Equitas Small Finance Bank expands 8% on solid March quarter


Equitas Small Finance bank shares surged 7.5% to 1 share in intraday trading on Friday after the lender’s net profit rose 58% year-on-year in the fourth quarter of fiscal 2023. It came out to 78.35 rupees. At 9:55 a.m., the stock rose nearly 5% at Rs 76.4 each against his 0.8% rise in the benchmark S&P BSe Sensex. Meanwhile, the BSE Bankex index rose his 1.4%.

After market hours on Friday, the bank reported a 58% increase in net profit in the March quarter to a record Rs 190 crore on the back of improved asset quality and business expansion.

Equitas Small Finance Bank said in its stock exchange filings that it continues to expand into new products such as housing finance, used cars and merchant OD.

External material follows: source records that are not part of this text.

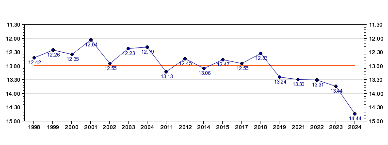 | Forrige tid | 14.44 (2024) |
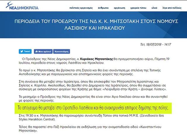 Πιστοί στο ραντεβού τους με τις επικοινωνιακές γκάφες εμφανίζεται και σήμερα ο Πρόεδρος της ΝΔ, Κυριάκος Μητσοτάκης και το στενό επιτελείο του, αυτή τη φορά με αφορμή την υποτιθέμενη αναγόρευσή του σε επίτιμο δημότη του Δήμου Οροπεδίου Λασιθίου.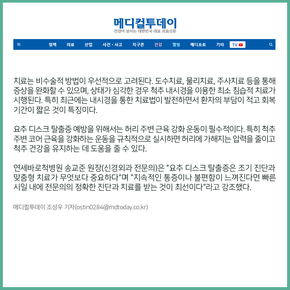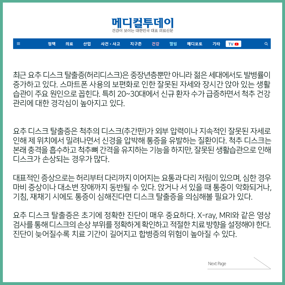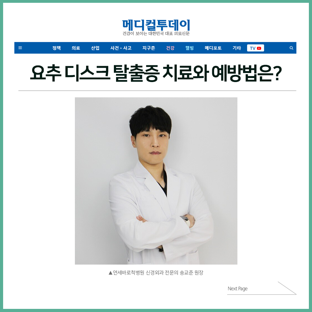 [보도자료] 요추 디스크 탈출증 치료와 예방법은?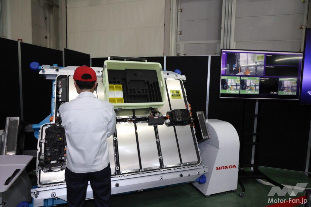 Honda 0シリーズが搭載する薄型バッテリーパックの生産から、新たなものづくりが始まる。ホンダはかねてから自動化率が高く、高効率なラインを構築している。ロボットを使った自動化技術開発には10年以上前から取り組んでおり、ホンダの生産技術の基盤となっている。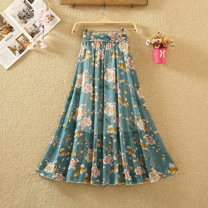 おしゃれなシフォン花柄フレアロングプリントスカート♪

On the operational side, Equitas’ operating profit increased about 35% year-over-year, while the annual provision remained flat. Net interest income (NII) increased 30% year-over-year and proceeds from the sale of amortizing loans to ARC drove a strong earnings performance as we continued to operate.

Expenses increased 35% year over year due to additional staff.

Reported Net Interest Margin (NIM) increased slightly sequentially. This is primarily due to a reduction in interest rate reversals due to slippage.

Advances received growth (35% y/y/12% q/q) was broad-based, with SME lending up 35% y/y, auto finance up 38% y/y, microfinance up 35% y/y, It shows the focus on growth in all areas. vertical.

Deposit growth was similarly strong, about 35% year-on-year and about 8% quarter-on-quarter.

Covid has impacted banks’ loan portfolios through a very high percentage of customers under moratoriums and restructuring, but banks have managed to contain credit costs fairly well (2.0% on average over the last four years). . Asset quality improved with more widespread improvements in delinquencies and net slippage trends. Credit costs in the fourth quarter were approximately 200 bps annualized, primarily due to improved PCR.

“We will maintain our ADD rating at an adjusted fair value of Rs.77 (previously Rs.68). We value the bank at a mid-mid-teenage RoE as it continues its steady recovery in profitability, largely driven by lower medium-term credit and operating costs, according to a report by Kotak Institutional Equities. , subdued slippage and steady broad credit growth should further improve banks’ earnings profiles.